Photo by George J. Tanber
Photo by George J. Tanber

Photo by George J. Tanber

Letter from Albania

Albanian Community Service
Activist Leads by Example

KRUJE, Albania – For the past several years I’ve served as a judge for a national service organization that awards two, $15,000 college scholarships to well-deserving high school students. It’s a difficult decision because the academic achievements and extracurricular activities of the many applicants always are extraordinary. In particular, the best candidates shine in their community service activities.

  I mention this because I’m lunching with 21-year-old Benard Babaj, a Albanian community service activist, and he’s trying to explain why the concept, so common in the U.S., is not very well accepted here, especially among his peers.

  “I think young Albanians are not used to community service as they have to work and earn an income,” he says.

  His answer is not surprising because this is a developing country that from 1945-90 was harshly ruled by a communist party that effectively closed Albania to the outside world, much like North Korea today. As a result, Albania, a Balkans nation located in this southeastern Europe, has spent the past 31 years trying to catch up with the rest of Europe. It has a ways to go.

  One thing that’s needed is more young adults like Benard. Lots of them.

  We had met an hour earlier as Lisena Gjebrea, my interpreter, and I were driving from Tirana, the capital, to Kruje, a mountain resort town 24 miles north. Along the way I mentioned that I wanted to interview a young Albanian involved in something worth writing about. She thought of her friend Benard, who lived in Fushe-Kruje, a small town located on our way to Kruje.

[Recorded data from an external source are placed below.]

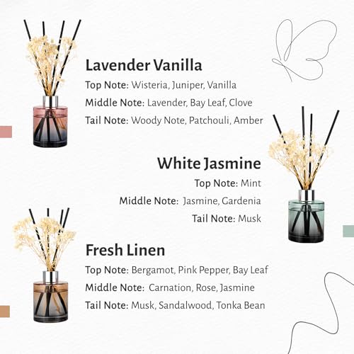 【Reed Diffuser 】: Unique Premium Fresh Linen+White Jasmine+Lavender Vanilla, The three scents are suitable for various environments, giving you different experience feelings. Fresh and elegant atmosphere, the smell of the sun, the smell of the ocean, etc.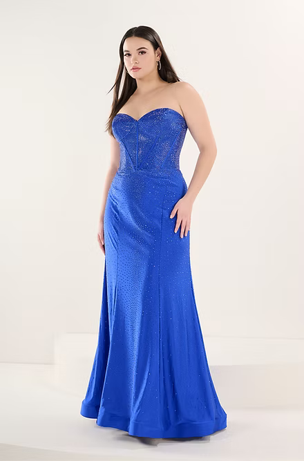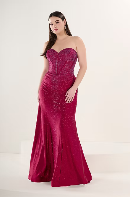 Embrace timeless elegance in this stunning House Of Wu gown. The strapless sweetheart neckline frames the shoulders beautifully, while a structured corset-style bodice with visible boning provides impeccable support and contouring. Cascading stone embellishments create a mesmerizing starlit effect across the bodice and down the skirt. Crafted from stretch shimmer jersey, this luxurious fabric molds to your curves while maintaining comfort and flexibility. The silhouette gracefully transitions into a subtle mermaid flare, accentuating your natural shape. A clean strapless back with continued boning details and a refined sweep train complete this sophisticated design, perfect for unforgettable evenings.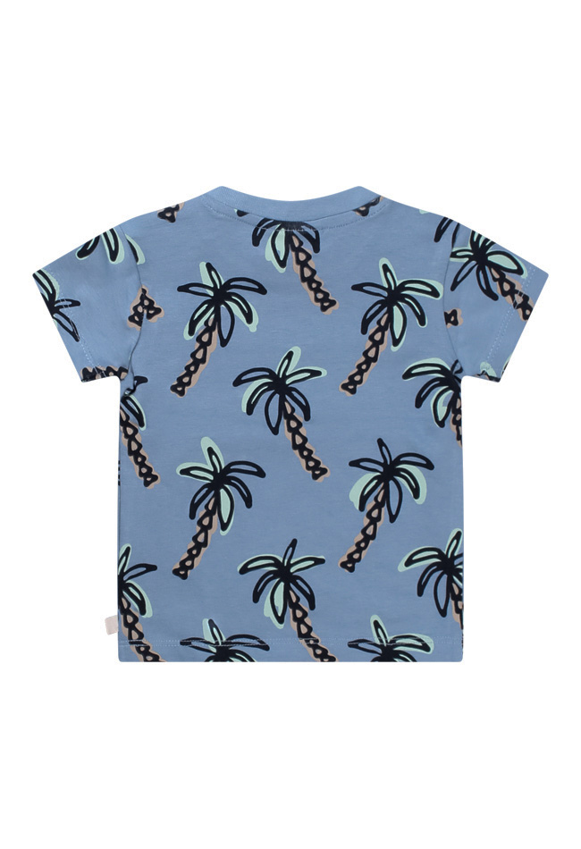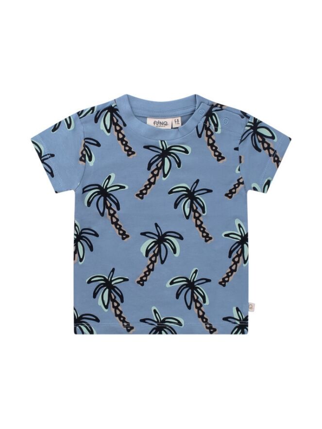 Dit Flinq newborn T-shirt is perfect voor de allerkleinsten! Gemaakt van 95% biologisch katoen en 5% elastaan, voelt het heerlijk zacht en rekbaar aan, ideaal voor de gevoelige babyhuid. De palmboomprint geeft een zomerse en speelse uitstraling. Dankzij de drukknopen op de schouder is het T-shirt gemakkelijk aan en uit te trekken. De ronde hals zorgt voor een comfortabele pasvorm, terwijl de korte mouwen voldoende ventilatie bieden op warme dagen.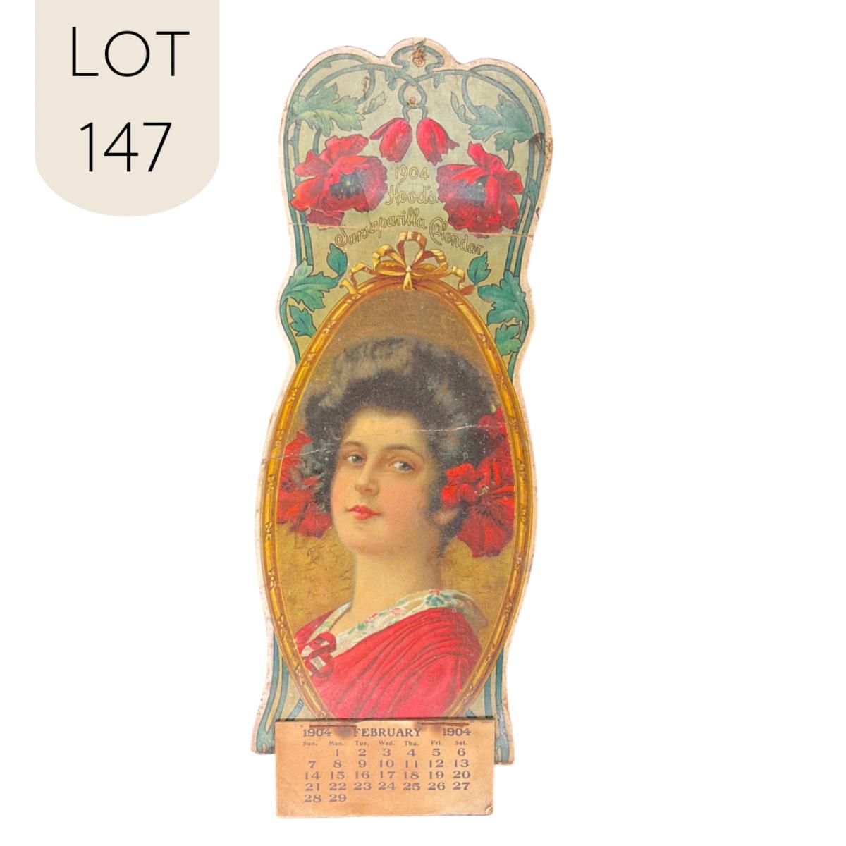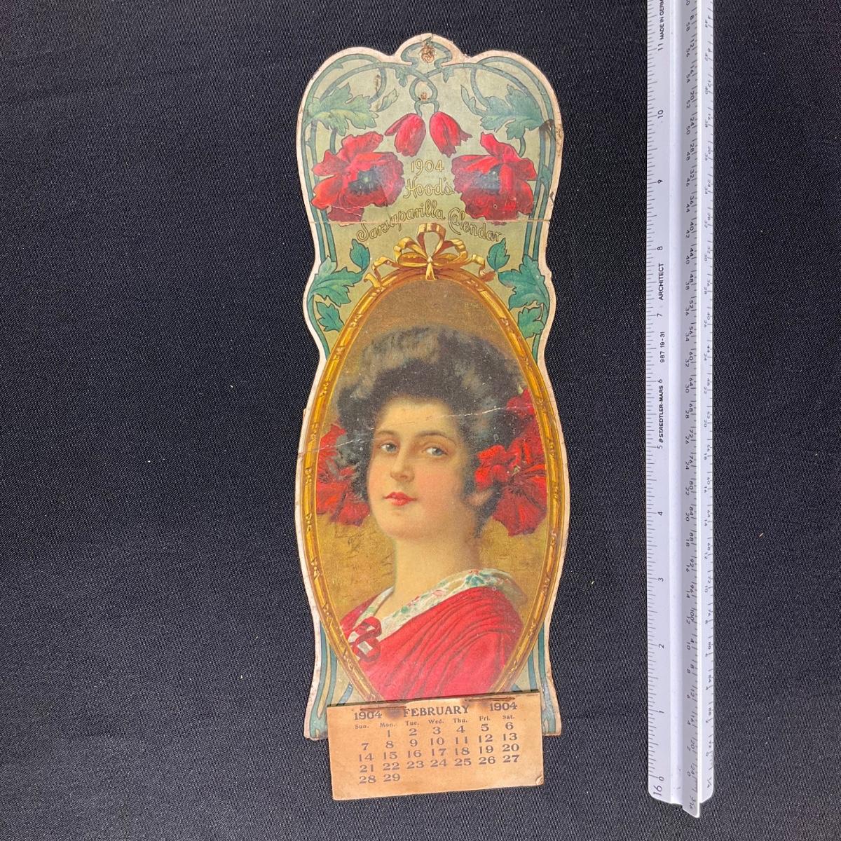 This calendar was compliments of Hood's Sarsaparilla. This calendar is incomplete, showing February 1904. The calendar features a dark haired woman with poppies in her hair. This calendar measures 4 1/4" x 11 1/2". **|** Please see photos for details and condition. ::: Shipping is available on this lot. If you require shipping you must let us know at the close of the auction. We will coordinate with you after the item has been won. Shipping fees will include insurance up to or exceeding the value of all items being mailed. If you have any questions regarding this lot please contact the auctioneer either via this website, by direct email or by phone. PICK UP TIMES and other important information can be found in the TERMS and DESCRIPTION of the auction. Please take a look for pertinent information. Thanks!

  Lisena reached Benard by phone. He was game and met us near the George W. Bush statue that stands in the town’s George W. Bush Square. [That’s not a mistake. “W” stopped in Fushe-Kruje during a 2007 visit to Albania while he was in the White House. Town officials were so appreciative they commissioned the 10-foot tall likeness of our 43rd president.]

  As we settle into our lunch – a lamb dish to die for – Benard explains how a young man from a small town and modest family decided to get involved in public service.

  “Although we didn’t have much ourselves,” he says, “my parents always told me we needed to help others who were less fortunate than us. For me it was a part of growing up.”

  His first project, which began during his sophomore year in high school, involved working with local Roma youths not interested in attending classes.

  “They’d show up for a couple of weeks and then quit,” he says.

  By his junior year Benard was the coordinator of a group of 25 volunteers, all working with Roma youths. The end result was an impressive accomplishment.

  “We were able to get them to attend classes on average of two years,” he says.

  Despite this success, his classmates were not impressed.

  “They mocked me for what I was doing,” he says.

  How did that make you feel? I ask.

  “I never cared.”

  When he says that, I think back to my school years and remember how hard that is to do, as peer pressure can be an intimidating obstacle.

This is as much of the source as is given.